Lord+Ender's activity in the archive.

Stories
0
Comments
5,191
First seen
Last seen
Profile
(view on slashdot.org)

Comments · 5,191

  1. surround sound? on Analog Revival Means Vinyl Will Outlive CD · · Score: 1

    Some newer CDs and audio DVDs come with support for 6-speaker sound systems. Is this even possible with records?

    Also, can iTunes (AAC) or MP3 or WMA do surround sound?
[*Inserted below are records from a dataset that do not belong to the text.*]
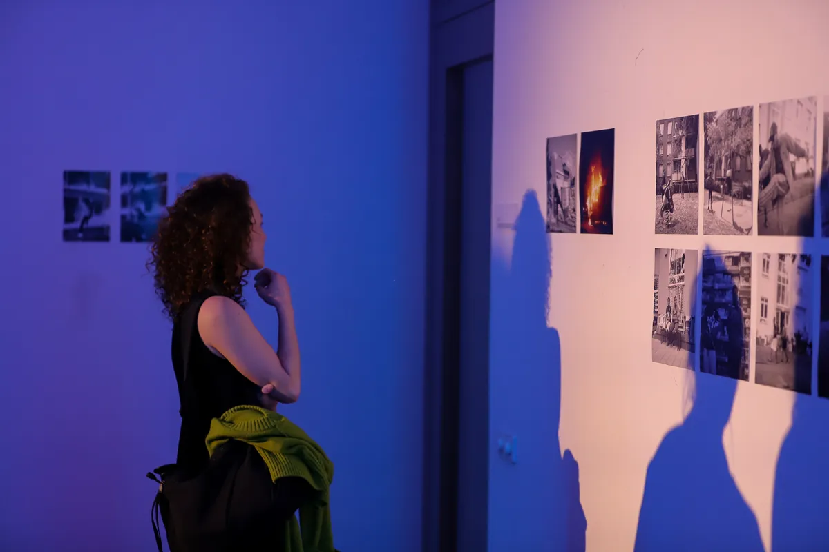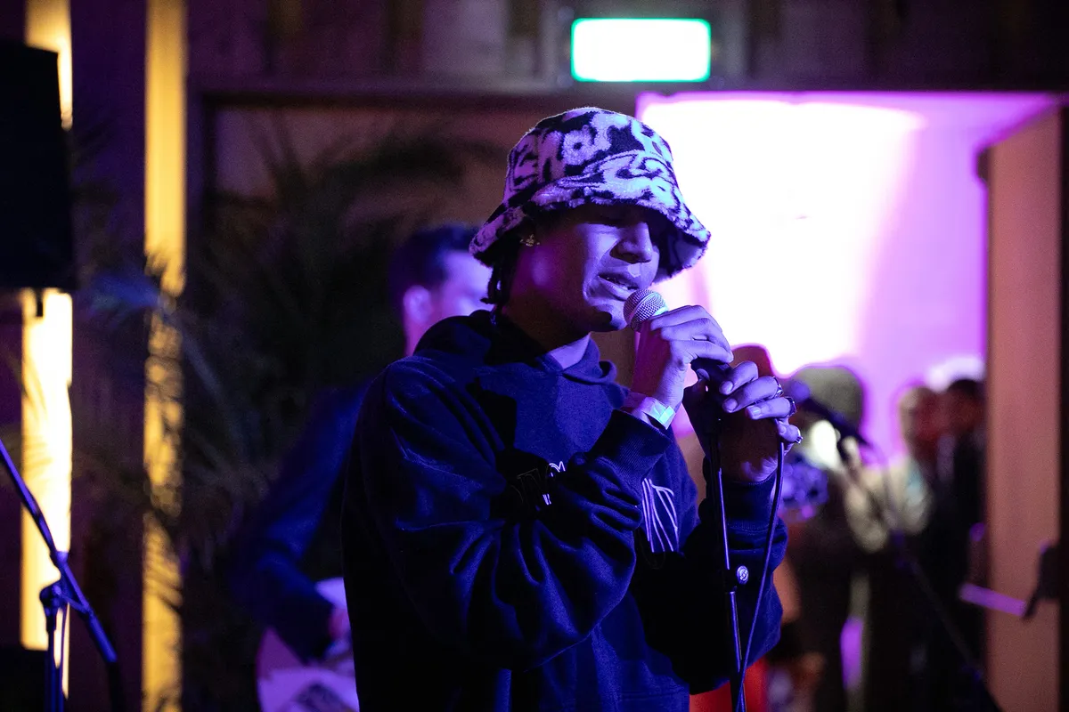 Het nieuwe ‘culturele verzamelgebouw’ van poppodium PAARD, GR8, is een modern maar sfeervol pand. Door de vele deuren en verwarrende lay-out is het even zoeken waar je moet zijn, maar gelukkig kom je bij Sidewalk Hustle hoe dan ook bij iets interessants uit. Op de begane grond is de expositie te zien, waar sociaal geëngageerde fotografie en videografie te zien is van Nas Hosen en Bart Sturing. Zij gebruiken de straat en de stoep (sidewalk) als lens om alledaagse beelden met een rauw randje te vertonen. In de hal draait DJ SIEM relaxte muziek, terwijl er hard genetwerkt wordt door de Haagse creatieve scene. In elke ruimte zijn kleine stukjes kunst te vinden, van de bloemschilderijen van de Pools-Braziliaanse Kamila Sipika tot de gecureerde vintage meubels die onderdeel zijn van het decor. In de kelder, in een intieme theaterzaal met blauwroze licht en warme houten details, vindt de muzikale climax van de avond plaats.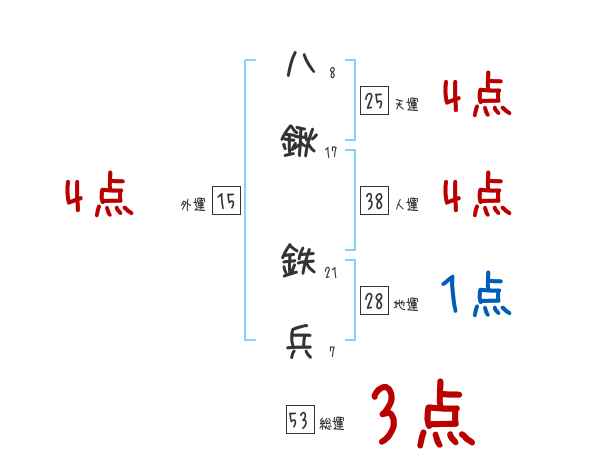八鍬鉄兵さんの画数の鑑定結果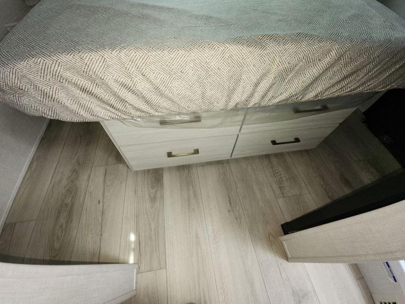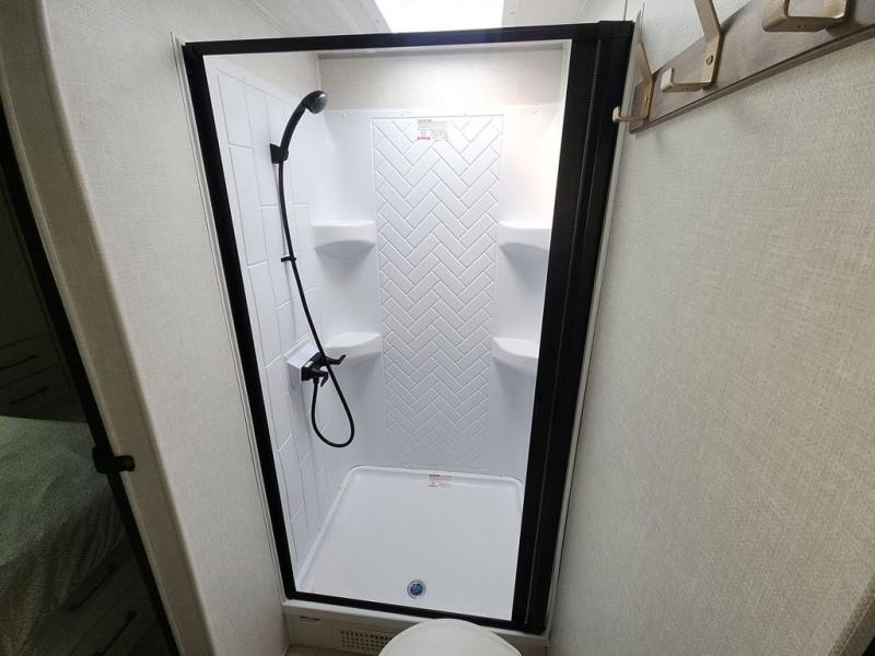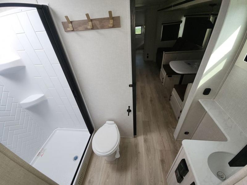 With any Surveyor Legend travel trailer by Forest River you will enjoy quality craftsmanship, convenient amenities, and at-home comforts. The Azdel composite walls provide a longer-lasting trailer, and the power tongue jack with a hitch light will get you back on the road in no-time. There are also Goodyear tires and a tire pressure monitoring system for hassle-free towing. Each model includes the Surveyor Legend Package that comes standard with oversized dinette storage access doors, front slam latch baggage doors, plus an automotive style tinted front windshield. You'll appreciate camping with a tankless water heater for endless hot showers, a 2" accessory hitch to bring bikes along, plus carpet-free interiors and a central vacuum system for easy clean up.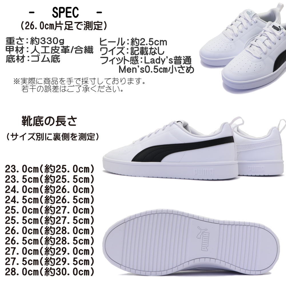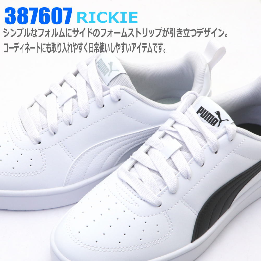 即納 PUMA リッキー メンズ レディース ユニセックス スニーカー 白靴 真っ白 通学 コートタイプ No.387607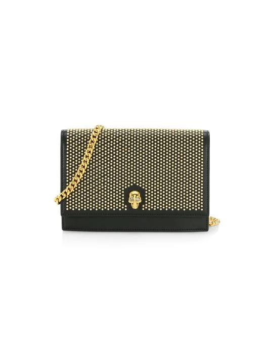 Speckled throughout with studs, this chain shoulder strap flaunts a skull detail.

  2. Re:editors are for wimps on A Visual Walkthrough of New Features in Vim 7.0 · · Score: 1

    Cat? Cat is for girlie-men! If ye had anything hangin between those skinny legs, ye'd write using copy con!

  3. Re:Oh, give it up, already! on How Hackers Identify Their Targets · · Score: 1

    If "hacker" is a term for skill, then it holds no moral value. A "good" hacker is just as much a hacker as a "bad" hacker.

    And good hackers are hardly ever newsworthy...

  4. Re:um... on Answers From Lawyers Who Defend Against RIAA Suits · · Score: 1

    What part of this: "When you buy a copy of something you have rights in the copy, that's it. No metaphysical rights to listen, reproduce additional copies, etc." do you think I'm misunderstanding?

    Saying "No ... rights to ... reproduce additional copies" is a lie.

    Or are you AC because you are trolling?

  5. Re:um... on Answers From Lawyers Who Defend Against RIAA Suits · · Score: 1

    When a lawyer tells a guy he has no rights to make copies, he is WRONG. Everyone explicitly has the right to make copies for any of several purposes. Your quote makes that VERY clear. So, thanks.

  6. Re:can we just agree on Don't Be Evil — Hire It Done · · Score: 1

    Google's real motto is to make money by producing the least annoying, most effective advertising.

    In the advertising world, annoying == evil. With that terminology, google does no evil.

    But in the REAL world, evil means a lot more. At best, google can claim they are less evil than most.

  7. um... on Answers From Lawyers Who Defend Against RIAA Suits · · Score: 2, Insightful
    you seem to have a general misunderstanding about the basic principles of copyright law. When you buy a copy of something you have rights in the copy, that's it. No metaphysical rights to listen, reproduce additional copies, etc. I don't know what gives you this idea.

    It seems strange to me that a copyright lawyer hasn't heard of the fair use rights granted by US copyright law (Title 17, section 107).

    The person asking the legal question is better informed than the lawyer!
  8. Re:Why would you trust Microsoft? on Responsible Disclosure — 16 Opinions · · Score: 1

    That's true. But since a lot of these things are discovered by researchers in countries with failed economies (like former USSR), $10kUS would be worth keeping quiet about.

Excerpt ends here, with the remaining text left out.